Court of Criminal Appeals of Tennessee, Nashville

July 22, 2015

STATE OF TENNESSEE
v.
RUSSELL LEE MAZE

Appeal from the Criminal Court for Davidson County No. 2002-D-2361 Steve R. Dozier, Judge

Russell Lee Maze, pro se.

Herbert H. Slatery III, Attorney General and Reporter; Caitlin Smith, Assistant Attorney General, for the Appellee, State of Tennessee.

Robert L. Holloway, Jr., J., delivered the opinion of the Court, in which Robert W. Wedemeyer and Timothy L. Easter, JJ., joined.

MEMORANDUM OPINION

ROBERT L. HOLLOWAY, JR., JUDGE

The Appellant is appealing the trial court's order denying his "Motion for Order Correcting Error in Judgment." The Appellant was convicted of first degree felony murder and aggravated child abuse, for which he received sentences of life imprisonment and twenty-five years, respectively. Said convictions and concurrent sentences were affirmed on appeal. State v. Russell Lee Maze, No. M2004-02091-CCA-R3-CD, 2006 WL 1132083 (Tenn. Crim. App., Apr. 28, 2006), perm. to app. denied, (Tenn., Aug. 28, 2006). The Appellant was subsequently unsuccessful in the pursuit of post-conviction and error coram nobis relief. Russell Lee Maze v. State, No. M2008-01837-CCA-R3-PC, 2010 WL 4324377 (Tenn. Crim. App., Nov. 2, 2010), perm. to app. denied, (Tenn., Mar. 9, 2011). The Appellant then filed the instant action pursuant to Tennessee Rule of Criminal Procedure 36.1 challenging the legality of his life sentence for felony murder. The trial court denied the motion. Following the filing of the record on appeal and the Appellant's brief, the State filed a motion to affirm the ruling of the trial court pursuant to Court of Criminal Appeals Rule 20. For the reasons stated below, said motion is hereby granted.

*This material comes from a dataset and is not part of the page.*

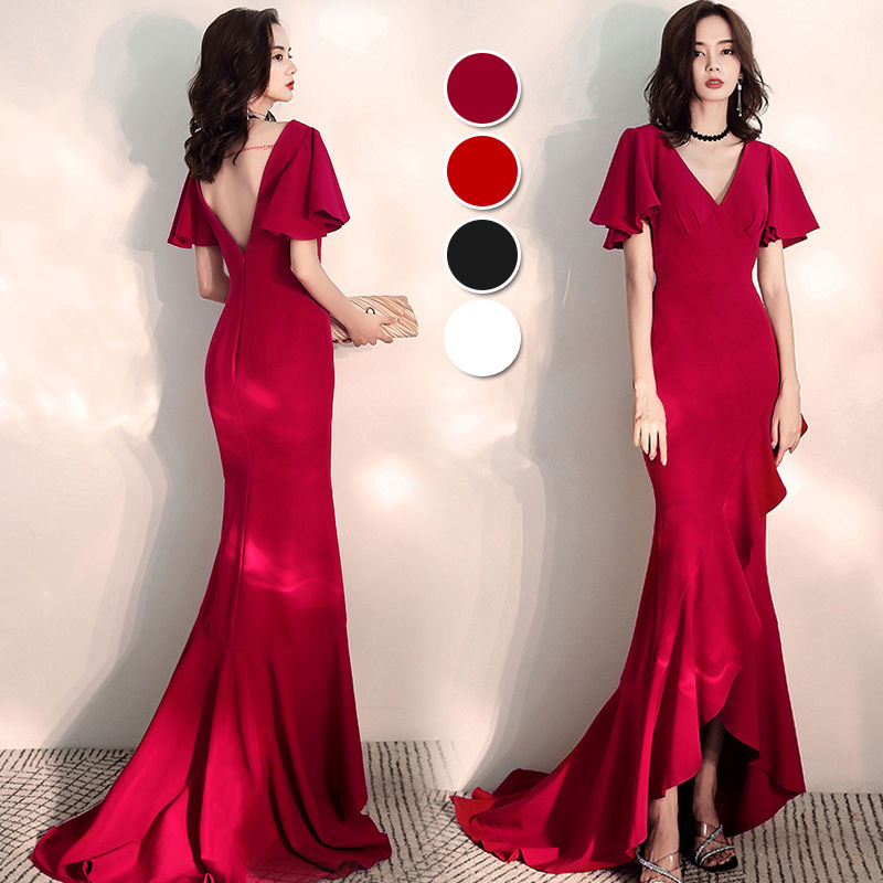 ウェディングドレス ウエディングドレス マーメイドドレス 赤 ロングドレス タイト カクテルドレス 演奏会 カラードレス 結婚式 花嫁 二次会ドレス パーティードレス 発表会ドレス イブニングドレス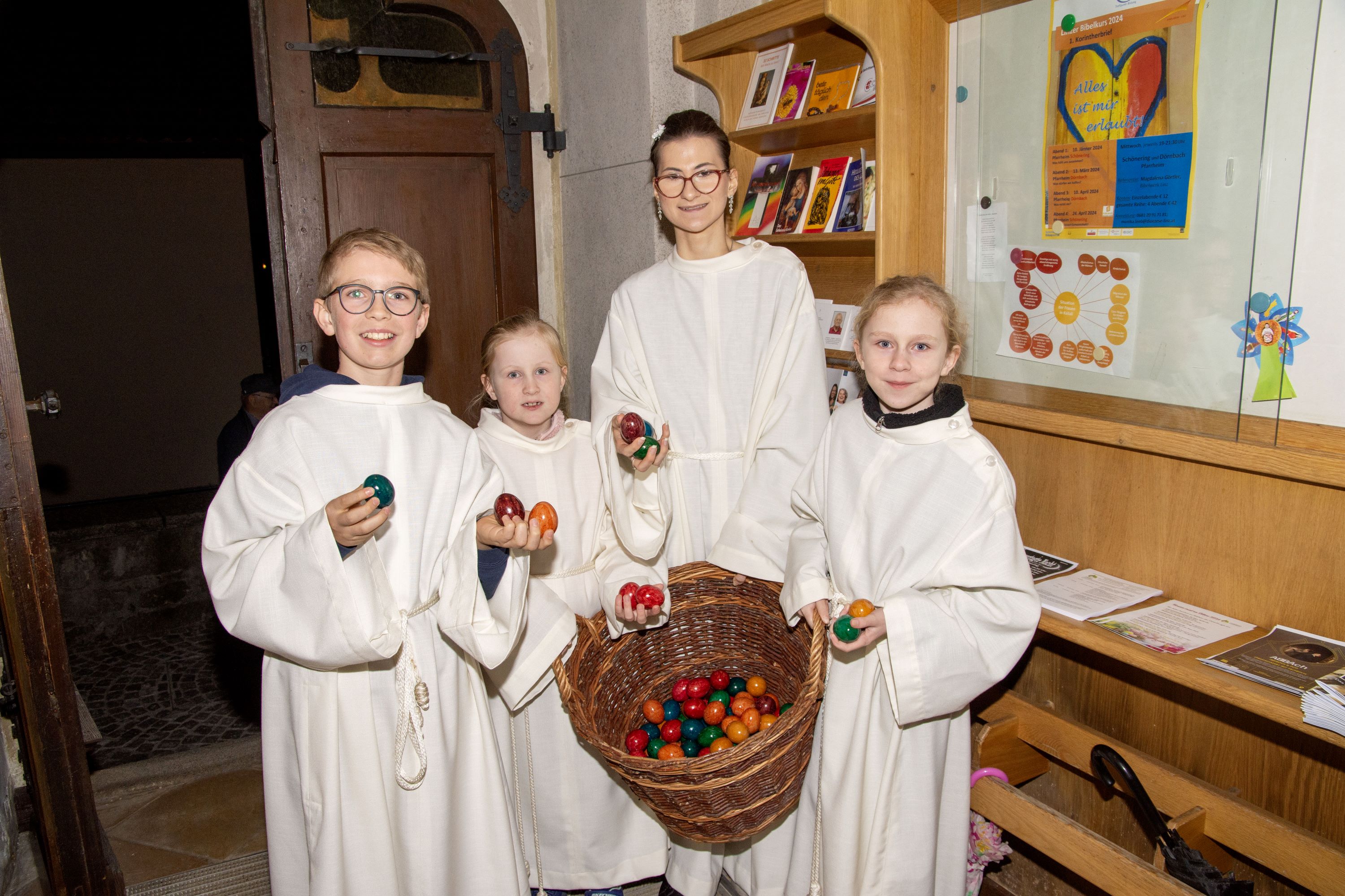 Nach dem Abschlusslied "Halleluja, Jesus lebt" teilten die Minis in traditioneller Weise die von der Katholischen Männerbewegung gespendeten Ostereier aus.

The Appellant frames his argument on appeal as follows: "The graverman [sic] of the Appellant's Motion is that, the trial court sentenced him to a term of punishment 'not' authorized by statute, which thereafter takes him 'beyond' the range of his ['status'] classification as designed by the [1989] Sentencing Reform Act – hereafter, 'The Act,' intended for the criminally accused having a Life Term to serve, however, with no specific term of years, as required by statute – all other offenses and sentence running concurrent with count-1." The gist of his argument is that the life sentence he received for the felony murder conviction is illegal because it does not specify a term of years.

Rule 36.1 permits a defendant to seek correction of an illegal sentence at any time. "[A]n illegal sentence is one that is not authorized by the applicable statutes or that directly contravenes an applicable statute." Tenn. R. Crim. P. 36.1(a). Contrary to the Appellant's contention, the trial court correctly held that the Appellant's life sentence is specifically authorized by statute and, thus, legal. Tenn. Code Ann. § 39-13-202(c). See State v. Derrick Carey, No. M2015-00185-CCA-R3-CD, 2015 WL 4077056 (Tenn. Crim. App., July 6, 2015) (rejecting argument pursuant to Rule 36.1 that life sentence for felony murder is illegal because it is not a determinate sentence); Leslie L. Coleman v. Jim Morrow, Warden, No. E2010-02299-CCA-R3-HC, 2011 WL 3667724 (Tenn. Crim. App., Aug. 22, 2011), perm. to app. denied, (Tenn., Dec. 14, 2011) (holding that sentencing statutes define life sentence as a specific, determinate sentence).

Accordingly, the order of the trial court is hereby affirmed pursuant to Rule 20.